Once again, Oz looks larger and brighter. Be still my heart.

28 June 2011

A Bump in the Yellow Brick Road

No, I'm not renouncing. Events of the last year or so caused me to ruminate on this journey down the Yellow Brick Road. Some of the events:

Consumer/prosumer SSDs persist in not being built with data caps. The industry is, perhaps, more divided now than at any earlier time. Consumer devices use barely tractable MLC flash (~3,000 cycles), and SandForce continues to gain traction in the consumer side. Given the finite nature of flash, an SSD will die in the near future. An HDD, on the other hand, might well continue to function for the better part of a decade. In any event, the HDD doesn't have defined drop dead time.

Capacity remains under a TByte for the vast majority of parts. This is important because:
most folk continue to view SSD as just a faster HDD; which isn't important outside of the RDBMS arena, but critical to getting the most bang for the buck there. For RDBMS installs, where (re)normalizing is ignored, the cost of moving from HDD to SSD is expensive, so is often attempted with consumer level drives. In the HDD world, that's not unusual; most drives are both over there.

Small scale (web and SMB verticals, for instance) databases, often on MySql or Postgres, just won't be safe enough on consumer drives. The various threads on postgresql-performance make the case, much as I'd wish the truth be otherwise. What's particularly odd is that both vendors and most consumers appear to be OK with catastrophic loss of data in normal life. Very odd.

Given the physics of writing, SSD vs. HDD that is, is just way cool different. SSD controllers spew the bits all over the flash, and the erase process can hardly be considered atomic. The majority of SSD controllers use RAM caching to reduce write amplification, and this is an additional fault point. HDD based engines, industrial strength ones like DB2, can guarantee that only the open transaction(s) will be hosed on a failure. SSD based storage just can't if there isn't persistent power available.

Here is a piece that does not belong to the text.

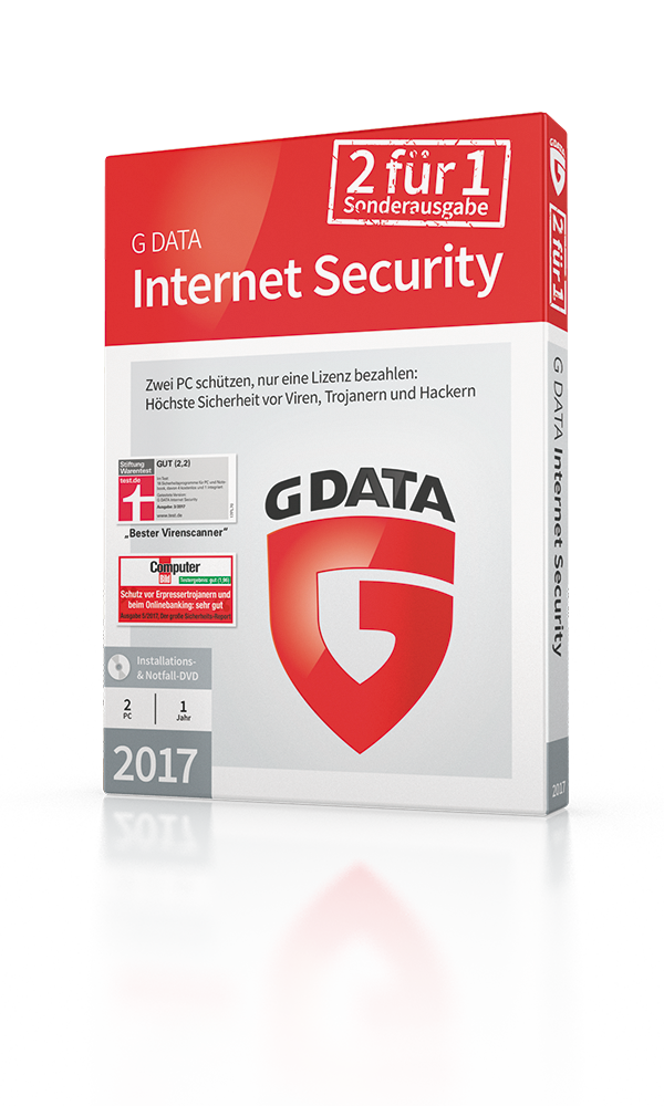 Das limitierte Sicherheitspaket enthält zwei Lizenzen für die G DATA Internet Security 2017. Die Security-Software erhielt in den aktuellen Vergleichstests der Stiftung Warentest und Computer Bild Bestnoten. G DATA Internet Security bietet laut der Verbraucherorganisation Stiftung Wartentest die Note „sehr gut“ für seinen Virenscanner. Die Tester der Computer Bild lobten insbesondere den „perfekten Schutz vor aktuellen Schädlingen“. Die G DATA Anti-Ransomware-Technologie erhielt für die zuverlässige Abwehr von Erpressertrojanern die Note „sehr gut“.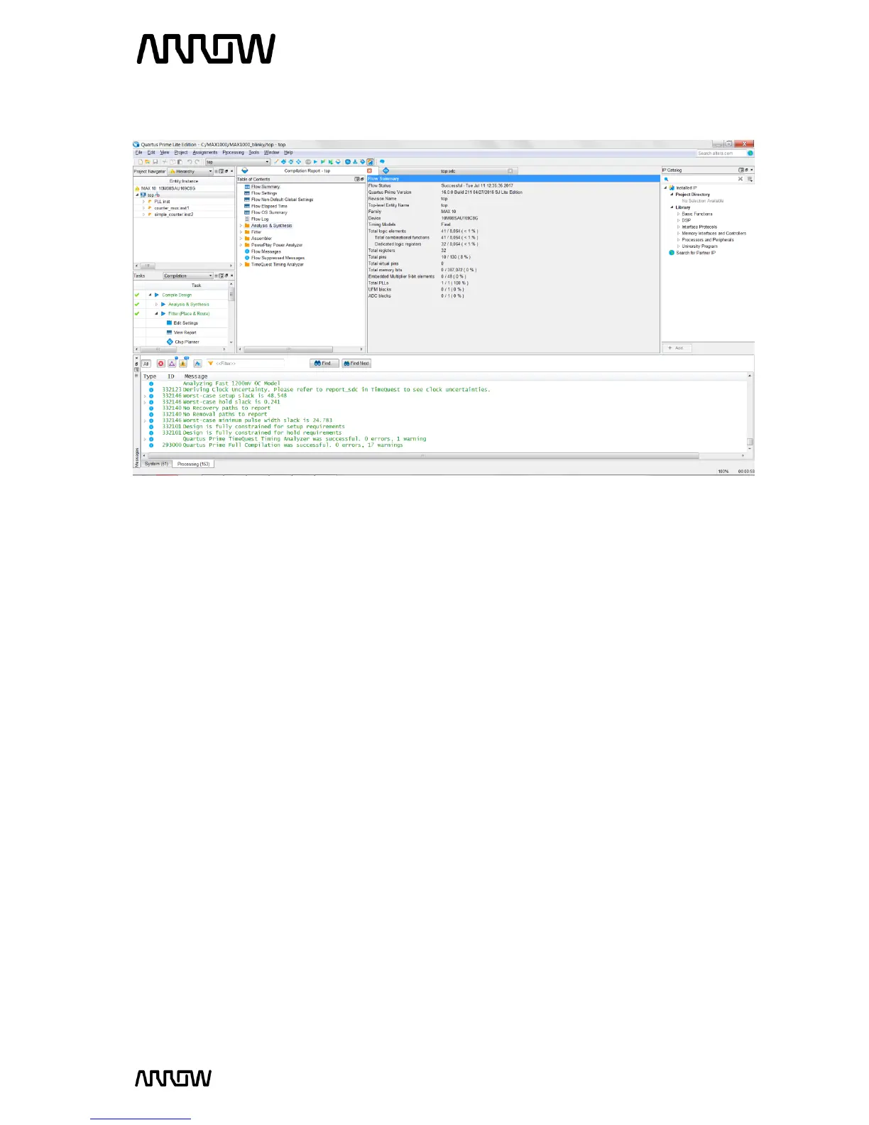 After successfully compiling the design, a Compilation Report should appear as shown above:

The failure of developers, at least those who publish, to lobby for (re)normalization as part and parcel of transition from HDD to SSD is regrettable.

Is there still a Yellow Brick Road leading to Oz? I still believe so, but Oz looks to be more a Potemkin village than a New World. Only shops with the fortitude to make a full transition using enterprise quality SSDs will actually get there. One can eliminate 99.44% of web sites and SMB verticals; they're just content to be penny wise and pound foolish. Oh well.

14 June 2011

Sprechen sie Deutsch? Habla Espanol?

Artima has been quiet of late, not many new articles or comments. Could be that coders are satiated? Then I went over today, and Bruce Eckel has praise for Scala. Last I read, he and Bruce Tate (not related, so far as I know) had gotten Python fever. Well, Eckel has been infected for some time. Which is why I never expected to get a Scala piece from him.

Smitten, I ordered "Programming in Scala"; finally bit the bullet. It's one of the few languages, not on a database engine, that still intrigues me. Yes, I've done Prolog, Erlang, and Haskell, to name some. And, yes, Prolog is the closest to a RM language out there. But it's just not used enough. That, and the syntax is just plain wacky (not as extreme as Lisp, but that's to be expected). 2.8 is the current version, and is covered in this second edition.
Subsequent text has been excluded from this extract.